Die Natur von Yin und Yang
Im Verständnis der daoistischen Terminologie von Yin (Verdichten) und Yang (Weiten) entspräche die konzentrische Bewegung dem Yin (Zentrieren) und die exzentrische Bewegung dem Yang (Weltbezogen).
Im Sinne der Polarität gehört zum Yin auch ein Yang wie umgekehrt zu jedem Yang ein Yin. Wenn beide – wie im Taiji-Zeichen [ – in einem ausgewogenen Verhältnis stehen, sprechen wir von einem Zustand der Harmonie. Weil Yin und Yang dynamische Kräfte darstellen, kommt es darauf an, dass die beiden Kräfte in einem sich gegenseitig ausgleichenden und sich gegenseitig fördernden Verhältnis miteinander kommunizieren.

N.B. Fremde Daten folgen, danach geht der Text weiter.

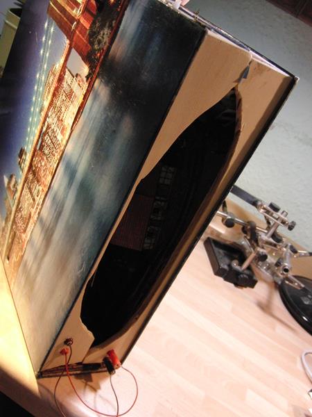 Anlage im Aktenordner, klappbar, Gleisübergänge zum Einsetzen mit Federstahldraht. Ein Gleisoval mit Trafobetrieb. Alle Gebäude aus Karton, beleuchtet.

Daraus können wir ableiten, dass jede einseitige, d. h. überwertige Ausrichtung des Ausgleiches der je vernachlässigten Ausrichtung bedarf. Wenn die Zentrierung (Yin) zu sehr dominiert, fehlt es an Verwirklichung in der äußeren Welt (Yang). Was wir mit weltfremd bezeichnen. Bei einer zu starken Yin-Ausrichtung sollte die schwache Yang-Ausrichtung gestärkt werden. Wenn wir zu abgehoben sind, fehlt uns die Erdung und es bedarf – nicht zuletzt über den Körper - der korrigierenden Erdung, dem Hineinstellen ins "Hier und Jetzt".
Wie auch umgekehrt. Wenn die Anpassung an die äußere Welt (Yang) übermäßig betont wird, bedarf es des Ausgleiches durch ein zu stärkendes Yin (Zentrierung, Sinnsuche).
Lebensfördernd ist demnach ein ständiger Wechsel von konzentrischer und exzentrischer Bewegung bzw. Ausrichtung. So wie wir uns in unseren Tanzformen zur Kreismitte bewegen und aus der Mitte zurück auf die Kreis- bzw. Lebensbahn. Wir lassen uns von der Kreismitte anziehen und bringen die Begegnung mit der Kreismitte wieder zurück in unser Leben. Entscheidend ist, wie wir die Kreismitte im Tanz für uns besetzen; nicht gestalterisch, sondern symbolisch inhaltlich.
Kultur: Umkreisung der Mitte
Mit Bezug auf unser Thema Natur – Mensch – Kultur können wir die Mitte des Kreistanzes für den Kern unserer Gesamtpersönlichkeit ansehen, den C. G. Jung das Selbst nannte. Die Beziehung zum Selbst, symbolisch die Kreismitte als Zentrum unseres Lebens, drückt sich in zwei zentralen Fragen aus.
Die Frage "Wohin richten wir uns aus?" steht für die Ausrichtung zur Kreismitte. Und die Frage "Von was lassen wir uns leiten?" für die Offenheit der Impulse aus der Kreismitte.
Zum Schluss möchte ich Ulrich Schaffer in seinem Gedicht "Nicht mehr und noch nicht" zitieren. (Ulrich Schaffer, Neues umarmen, Kreuz Verlag Stuttgart 1984) Er formuliert eindrücklich den Wandlungsauftrag des Zentrums aus, um das wir tanzen, auf das wir uns zubewegen und auch wieder zurückkehren.
"Ich will mich der Veränderung nicht entziehen.
Ich will loslassen,
um wieder Neues umarmen zu können.
Und auch das will ich wieder loslassen,
in einer ständigen Entwicklung
auf meinen Ursprung zu,
auf die Vollkommenheit, aus der ich komme
und zu der ich gehe."
Was es in unserem Leben zu verändern, d. h. aufzugeben und loszulassen gilt, um der Wandlung die Türen zu öffnen, ist in meinem Verständnis Auftrag und Perspektive unserer Tanzform, wie immer wir sie nennen: das Umkreisen der Mitte. Im Umkreisen der Mitte kultivieren wir – im Sinne der Schöpfungsgeschichte – unsere innerste Natur, die wahre Natur.
Wenn mein Gedankenkreisen auch zu einer Umkreisung der Mitte angeregt haben sollte, wäre ich zufrieden.